Glanville reached out, and the two began collaborating. Friede gave blood samples, which were then analysed to isolate the antibodies his body had built up from all those venom exposures. Glanville’s biotech company, Centivax, took things a step further. They combined Friede’s antibodies with a small-molecule drug called varespladib, a toxin inhibitor originally developed to treat sepsis, to create what they hope is the foundation of a universal antivenom.

Varespladib works by blocking an enzyme called PLA2, which is found in many snake venoms and contributes to the tissue damage and organ failure that makes these bites so deadly. When used alongside the antibodies from Friede’s blood, the results in lab mice were startling.

According to a peer-reviewed study published in Science Translational Medicine, the experimental cocktail offered full protection against venom from 13 of the 19 most medically important snakes listed by the WHO, including cobras, mambas, and kraits, and partial protection against the rest.

From garage science to global stage

This is where things start to get real. If the therapy passes safety trials, it could be produced at scale and stored more easily than traditional antivenoms. That could be a game-changer in regions where rural clinics don’t have the facilities to store horse serum or the means to figure out which snake bit the patient.

Tim Friede, now officially Centivax’s Director of Herpetology, stopped self-immunising back in 2018. The physical toll was getting too much, and now that his blood had done its job, there was no reason to keep putting himself at risk. He’s clear that he doesn’t want anyone trying to replicate what he did. “Don’t do what I did,” he’s said in interviews. “There’s no reason to go through what I went through now.”

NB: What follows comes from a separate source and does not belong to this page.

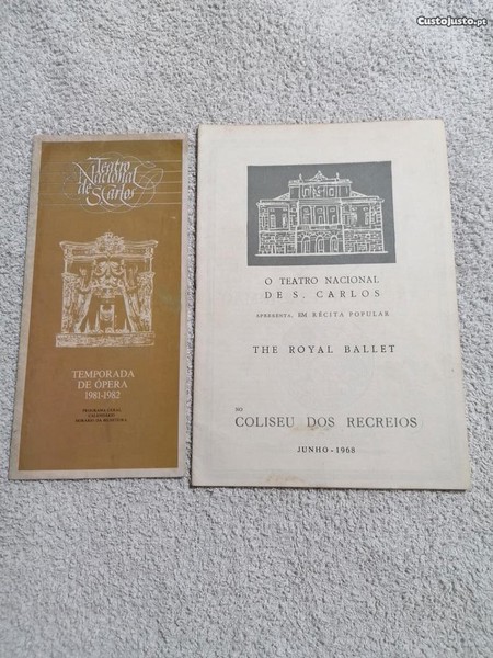 Programas em boas condições. O Programa da Temporada de Ópera 1981-1982 encontra-se sublinhado. O Programa de 1968 é referente ao The Royal Ballet no Teatro Nacional de S. Carlos. O preço apresentado é para o conjunto. Envio grátis em correio normal. Envio em correio registado acresce 2,00 euros. Pode ser entregue em mão no Barreiro. Se tiver dúvidas não hesite em perguntar. Master Watson.

The collaboration between Friede and Glanville is still ongoing, and while human trials are on the horizon, they’re not there yet. Still, the project has already done something remarkable: it’s shown that a broader, more effective antivenom might actually be within reach, and that sometimes, the most important breakthroughs start far outside the lab.

What comes next?

Making it through animal testing is only the beginning. For a treatment like this to be approved for human use, it needs to go through multiple rounds of clinical trials to prove it’s safe and effective in people. There are also questions about cost, production, and how it would be distributed—all things that can stall promising medical solutions, especially in lower-income countries where the need is greatest.

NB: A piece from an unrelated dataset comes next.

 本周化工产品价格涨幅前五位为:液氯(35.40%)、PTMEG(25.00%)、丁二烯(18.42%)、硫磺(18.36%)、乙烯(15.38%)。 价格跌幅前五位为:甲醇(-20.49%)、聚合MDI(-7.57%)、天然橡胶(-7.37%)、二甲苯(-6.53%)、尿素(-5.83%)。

But the momentum is there. Global health organisations have taken a renewed interest in snakebite prevention and treatment, and this kind of breakthrough could attract the kind of funding and support that gets it across the finish line.

Meanwhile, Tim Friede lives with the permanent reminders of his experiment: damaged tissue, nerve pain, and scars from more than 200 snake bites. But if the treatment works, those years of pain may not have been in vain. In fact, they might change the way we treat one of the most overlooked health crises on the planet.